→ **Work to complete**
Within the lines below, the span from the line with "點(diǎn)軍區(qū)市" to the line with "VIN | 1FT8W3DT7NEF43590 |", both ends included, is to be reproduced exactly, with pictures omitted.

→ **Study material**
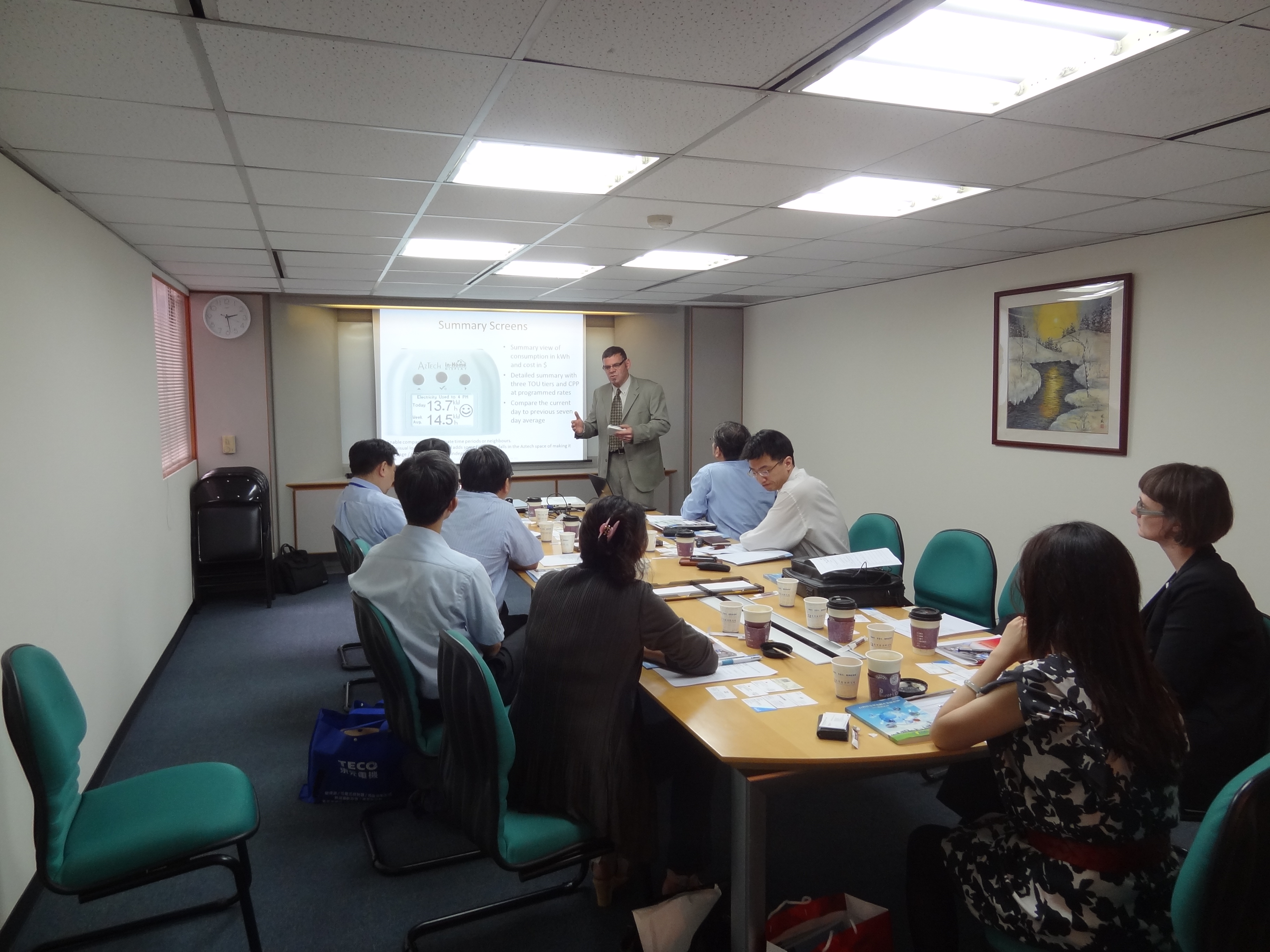 台灣智慧型電網產業協會於101年6月5日(二)下午2-4點假台泥大樓第二會議室召開「加拿大能源管理公司Aztech交流座談會」,會中由Aztech公司執行長Geoff Salter P.Eng.介紹該公司IHD家居顯示系統,能有效的將各種能源使用資訊透過無線網路顯示於屏幕上,並結合electric prepaid、能源效率計算等等,將對於日後推動智慧家庭有重大幫助。此外,陳副秘書長彥豪也於會議中向Aztech介紹台灣智慧型電網產業協會之概況及目標。與會之台灣廠商亦進行簡報,各公司介紹其相關產品及技術,並與Aztech針對台灣目前電力產業進行討論,加深合作共識。
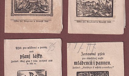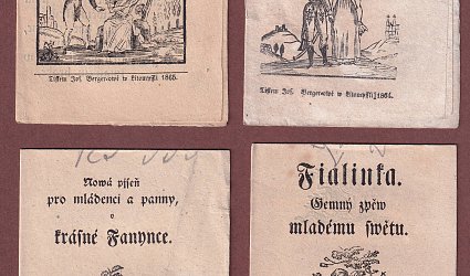 1. Píseň o krásné Amalii. 2. Nová píseň mládencům a pannám, k zpěvu vydaná. 3. Kratochvilná píseň pro mládenci a panny. 4. Kratochvilná píseň pro mládenci a panny. 5. Píseň o živobytí člověka. 6. Nový zpěv všem svobodného stavu, pro obveselení mysle a utrácení času na světlo vydaný. 7. Nová píseň pro mládenci a panny pro ukrácení chvíle vydaná. 8. Jarni zpěv pro mládež, k ukrácení času na světlo vydaný. 9. Píseň navracejícího se vojína. 10. Fialinka. Jenmý zpěv mladému světu. 11. Fialinka. Jemný zpěv mladému světu. 12. Nová píseň pro mládenci a panny, o krásné Fanynce. 13. Zpominka na milence. Kratochvilná píseň pro mládence a panny. 14. Loučení milenky. 15. Žertovná píseň pro obveselení mysle mládenců i pannen. 16. Píseň pro mládenci a panny, aneb psani lásky. 17. Píseň o loučení mládence. 18. Nová světlá píseň. Rozmlouvání ožralce s ženou svou. Litomyšl, Fr. Bergr, Ant. Augusta, Jos. Bergreová, 1851, 1853, 1855, 1855, 1855, 1856, 1856, 1858, 1864, 1865, 1865, 1865, 1866, 1866, 1867, 1869, 1869, b.d. 18. svazek bez údajů. OBr., archy papíru, nestr. (6 s., 7 s., 6 s., 6 s., 6 s., 7 s., 6 s., 6 s., 6 s., 6 s., 6 s., 6 s., 7 s., 6 s., 5 s., 6 s., 7 s., 6 s.) Na všech výtiscích mědirytiny. Některé svazky nerozřezány, na některých poznámky tužkou.
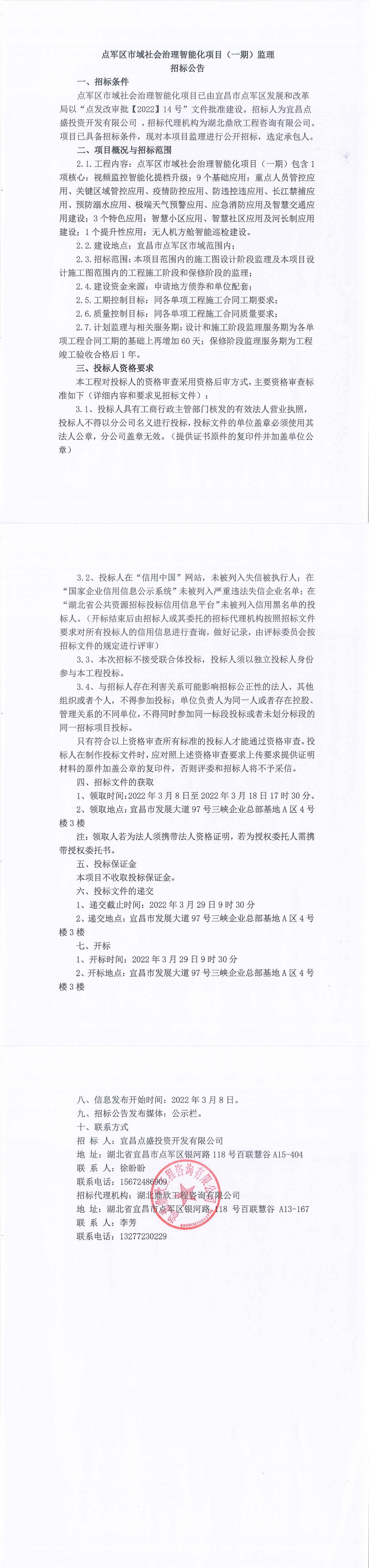 點(diǎn)軍區(qū)市域社會治理智能化項目(一期)監(jiān)理招標(biāo)公告
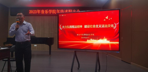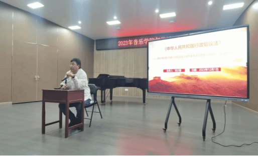 2023年12月5日,音乐学院组织全体教职工在综B101音乐厅开展学习宪法宣传周活动。出席本次活动的有学院领导刘才喜书记、贾志宏院长及全体教职员工。本次活动由刘才喜书记主持,本次宪法宣传周讲解会上,刘书记宣读了教育部、海南省教育厅、我校党政办发布的关于学习宪法宣传周相关文件和通知要求。
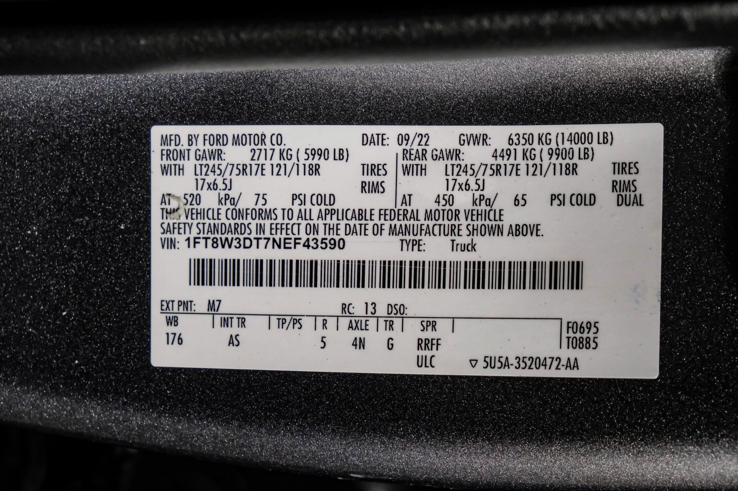 | VIN | 1FT8W3DT7NEF43590 |
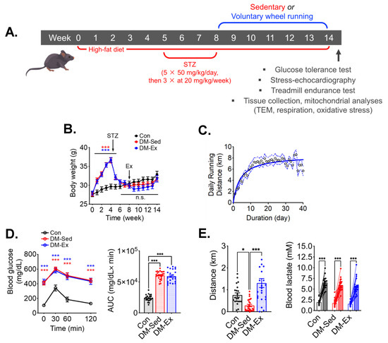 A combination of HFD and STZ injections induces severe diabetes with exercise intolerance in mice. (A) Protocol for diabetes induction and exercise intervention. STZ, streptozotocin. (B) Body weight during the course of study. Ex, the start of exercise intervention. n.s., not significant. n = 18, 23, 21 for Con, DM-Sed, and DM-Ex, respectively. (C) Daily running distance in the DM-Ex group. Dotted line, the 95% confidence intervals. (D) Left, blood glucose during GTT and area under the curve (AUC) taken at the end of GTT. ***: p < 0.0001 compared with Con (one-way ANOVA with post hoc multiple comparisons). Some high data points were substituted with 650 mg/dL due to surpassing the glucometer limit. (E) Left, endurance capacity test result. n = 18, 23, 21 for Con, DM-Sed, and DM-Ex, respectively; *: p < 0.05, ***: p < 0.001 from one-way ANOVA with post hoc multiple comparisons. Right, blood lactate was performed before and after the exhaustive running session to confirm perceived exhaustion. ***: p < 0.001, paired t-tests of individual pre- and post-running session.
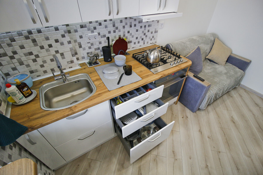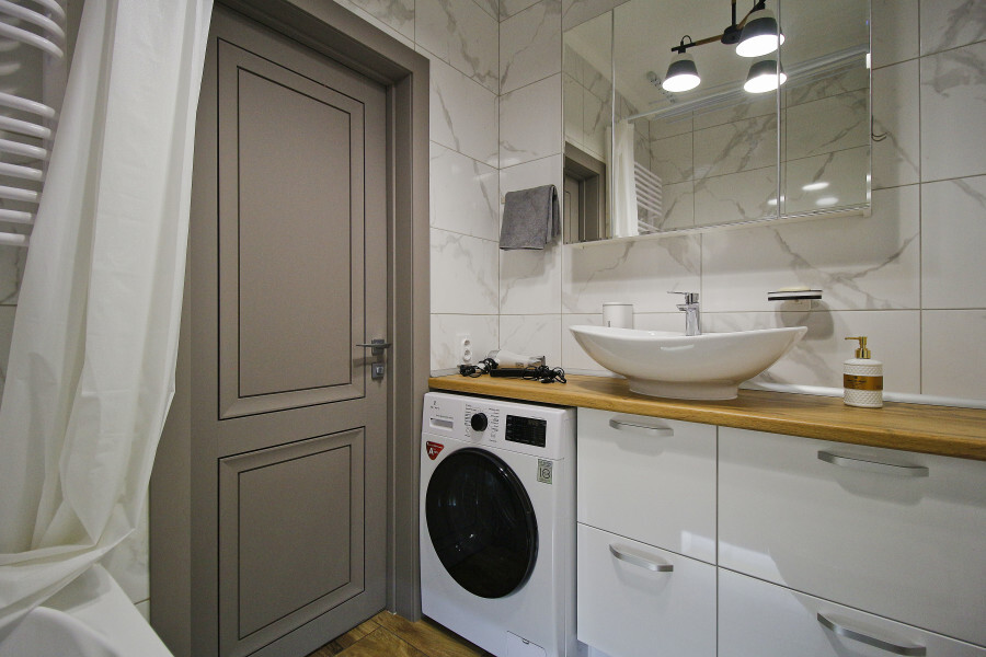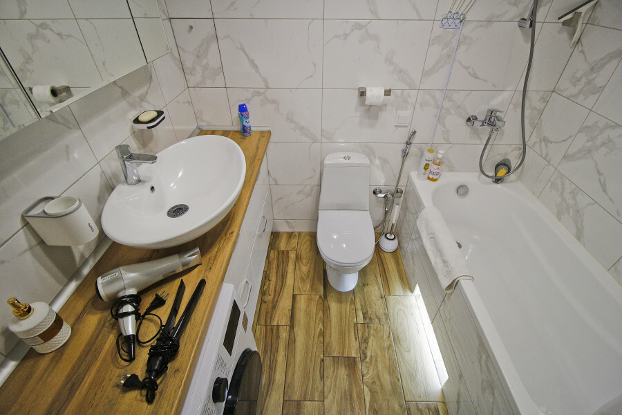 Квартира оборудована всем необходимым для проживания. Здесь вы найдете автономное отопление с датчиком температуры, а также кондиционер, стиральную машину, микроволновку, холодильник, плиту с духовкой. Для вашего удобства мы предоставили турку, кофе и чай, зонт и множество полезных мелочей.

→ **Answer section**
 點(diǎn)軍區(qū)市域社會治理智能化項目(一期)監(jiān)理招標(biāo)公告
 2023年12月5日,音乐学院组织全体教职工在综B101音乐厅开展学习宪法宣传周活动。出席本次活动的有学院领导刘才喜书记、贾志宏院长及全体教职员工。本次活动由刘才喜书记主持,本次宪法宣传周讲解会上,刘书记宣读了教育部、海南省教育厅、我校党政办发布的关于学习宪法宣传周相关文件和通知要求。
 | VIN | 1FT8W3DT7NEF43590 |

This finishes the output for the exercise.